Forex losses and gains are part of the existing economics of the particular business that indulges in foreign denominated fundings. And what one OWES is based on what the current forex rates.

For Tenaga case, one could argue last time, the positives about borrowing in Yen for it was a rather 'cheap' currency for one fundings needs. No one expected Yen to soar against the ringgit but it has.

Tenaga a fundamental stock?

Perhaps a fundamentally flawed stock if you ask me.

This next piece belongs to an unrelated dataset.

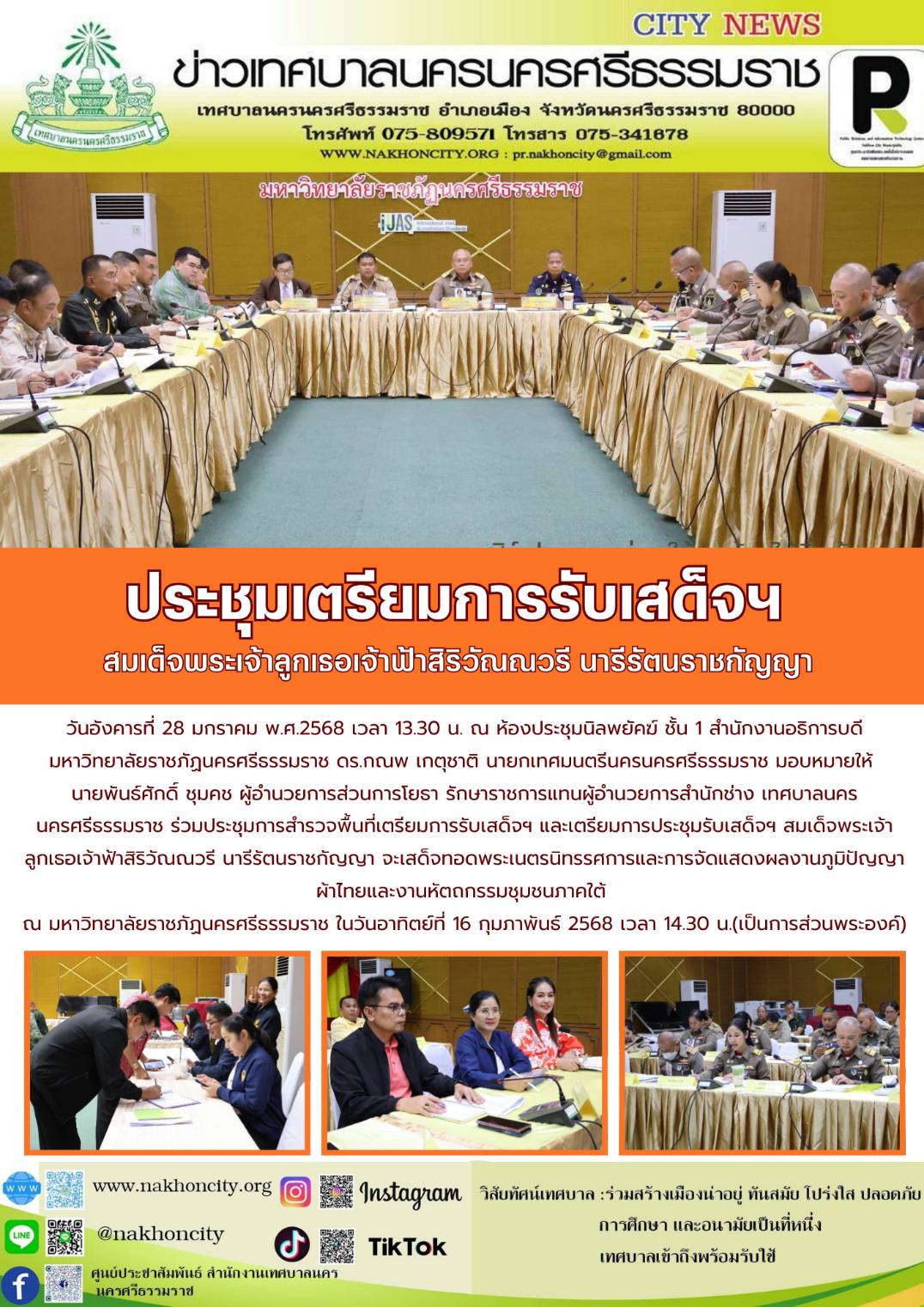 | วันอังคารที่ 28 มกราคม พ.ศ.2568 เวลา 13.30 น. ณ ห้องประชุมนิลพยัคฆ์ ชั้น 1 สำนักงานอธิการบดี มหาวิทยาลัยราชภัฏนครศรีธรรมราช ดร.กณพ เกตุชาติ นายกเทศมนตรีนครนครศรีธรรมราช มอบหมายให้ นายพันธ์ศักดิ์ ชุมคช ผู้อำนวยการส่วนการโยธา รักษาราชการแทนผู้อำนวยการสำนักช่าง เทศบาลนครนครศรีธรรมราช ร่วมประชุมการสำรวจพื้นที่เตรียมการรับเสด็จฯ และเตรียมการประชุมรับเสด็จฯ สมเด็จพระเจ้าลูกเธอเจ้าฟ้าสิริวัณณวรี นารีรัตนราชกัญญา จะเสด็จทอดพระเนตรนิทรรศการและการจัดแสดงผลงานภูมิปัญญาผ้าไทยและงานหัตถกรรมชุมชนภาคใต้ ณ มหาวิทยาลัยราชภัฏนครศรีธรรมราช ในวันอาทิตย์ที่ 16 กุมภาพันธ์ 2568 เวลา 14.30 น.(เป็นการส่วนพระองค์) ............... ข่าว//จันทร์จิรา ภาพ//จันทร์จิรา//เจนจิรา//ปัญชนา (นักศึกษาฝึกงาน) |

Of course I am always flawed.

1 comments:

Jasonred79 said...

True true... There are many different ways to look at it... the thing is, Tenaga basically has over RM10billion in Forex debt, so exchange rates swinging 10% either way is 1b profit loss... I do not blame TNB management for this forex loss. Nor will I heap praise on them if the RM strengthens against the USD and Yen, and TNB makes announcements that their profit jumped to RM3 billion! Or imagine if the Dollar collapses, as some people are hypothesizing... Tenaga might make windfall gains of RM3 billion not including their operating profit of RM1 billion?

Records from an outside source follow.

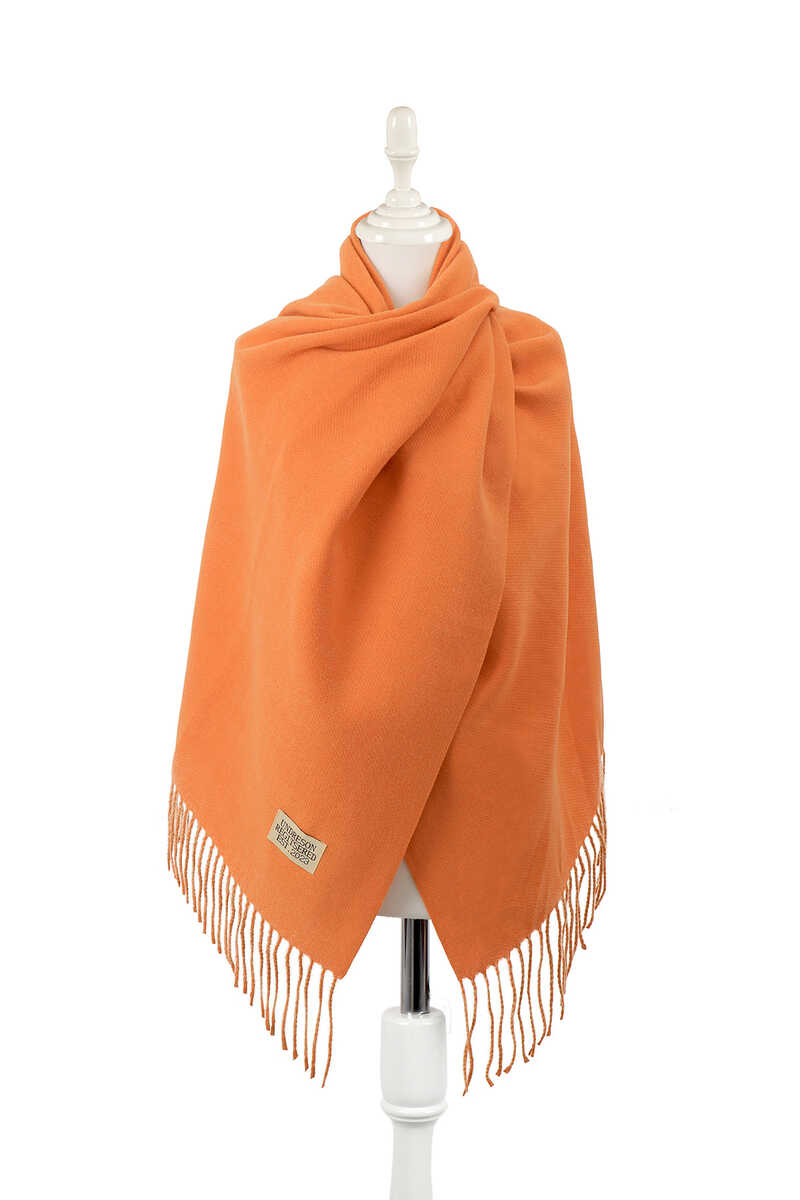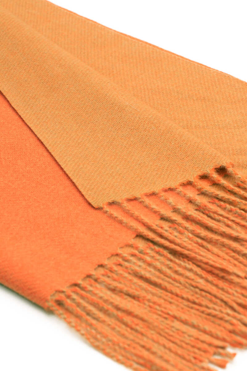 شال شتوي على الوجهين باللون البرتقالي والبيج
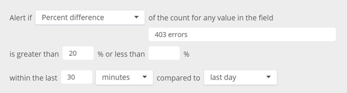 For example, an alert for the count of 403 errors in a rolling window of 30 minutes jumps by 20% as compared to the count of errors during the last day would look like this:
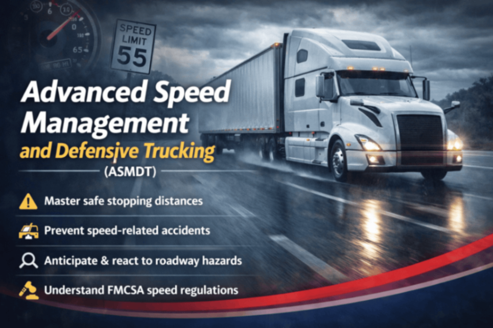 Speed is power — and in commercial driving, it’s also responsibility. The Advanced Speed Management and Defensive Trucking (ASMDT) course is designed to help professional CDL drivers understand the physics behind motion, mass, and momentum — and how these forces affect safety, control, and stopping distance. Through a blend of scientific principles and real-world defensive techniques, drivers learn to manage vehicle speed intelligently, anticipate hazards, and prevent collisions before they happen.
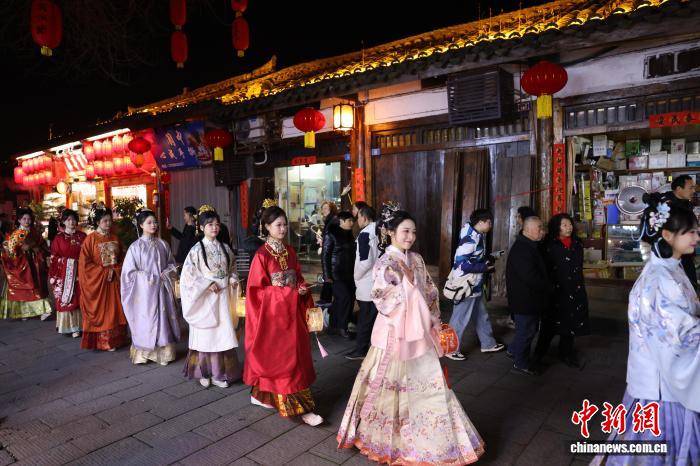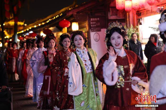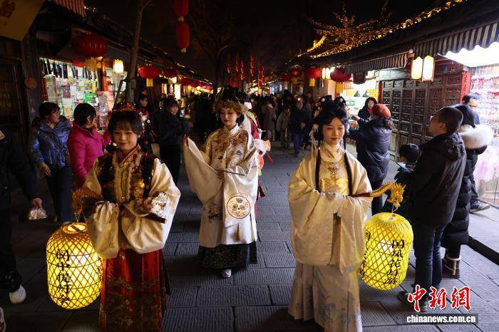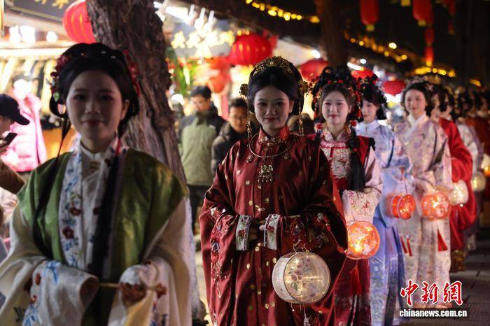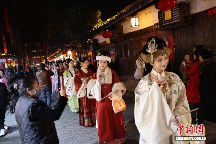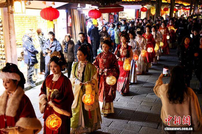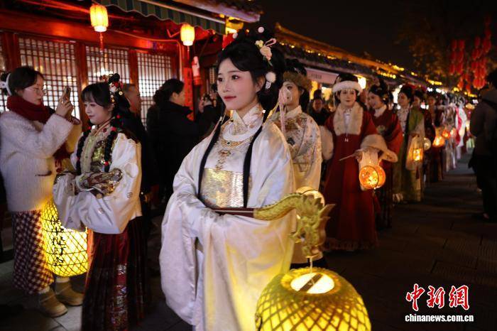 1月25日晚,四川阆中,一群身穿汉服的女性表演者手提花灯,沿着阆中古城街巷进行巡游,吸引各地游客围观。中新社记者 张浪 摄

... Or the ringgit might drop like a rock, and they might make losses of billions of RM...

...

Basically, to me, during periods where the exchange rates are volatile is tatamount to someone walking into the casino and gambling their entire years salary on red or black. I think that performance either way does not reflect MANAGEMENT SKILL, but rather LUCK... or you could say it was stupidity on part of management to walk into casino in the first place!



Anyhow... you are right. Tenaga is fundamentally flawed. It is no longer a blue chip company.

The reason is simple: It's monopoly has been severely weakened, due to IPPs and tariff revisions and similiar. Furthermore, they have way too much foreign debt.

Basically, for a blue chip, you want CONSISTENT, reliable income. Tenaga is now a company that, instead of DICTATING price and thus profits, is more or less subject to a LOT of forces outside it's control.

Tariffs go up? watch profit go up. Tariffs down? profit drops. Forex gain. Forex loss. IPPs negotiate different price. Fuel prices fluctuate...

And these are not small movements. You can expect Tenaga's annual profit go anywhere from RM2 billion profit to RM2 billion loss.

...

I would no longer hold TNB in my long term portfolio... I would treat it like a 2nd board company. Buy on speculation of profit jump, sell on prediction of losses.

I wouldn't call the company fundamentally flawed though... NOT YET. But... the Tenaga of today is definitely not the Tenaga of 10-20 years ago. I wouldn't say it's THAT bad... yet... but it's definitely heading downhill.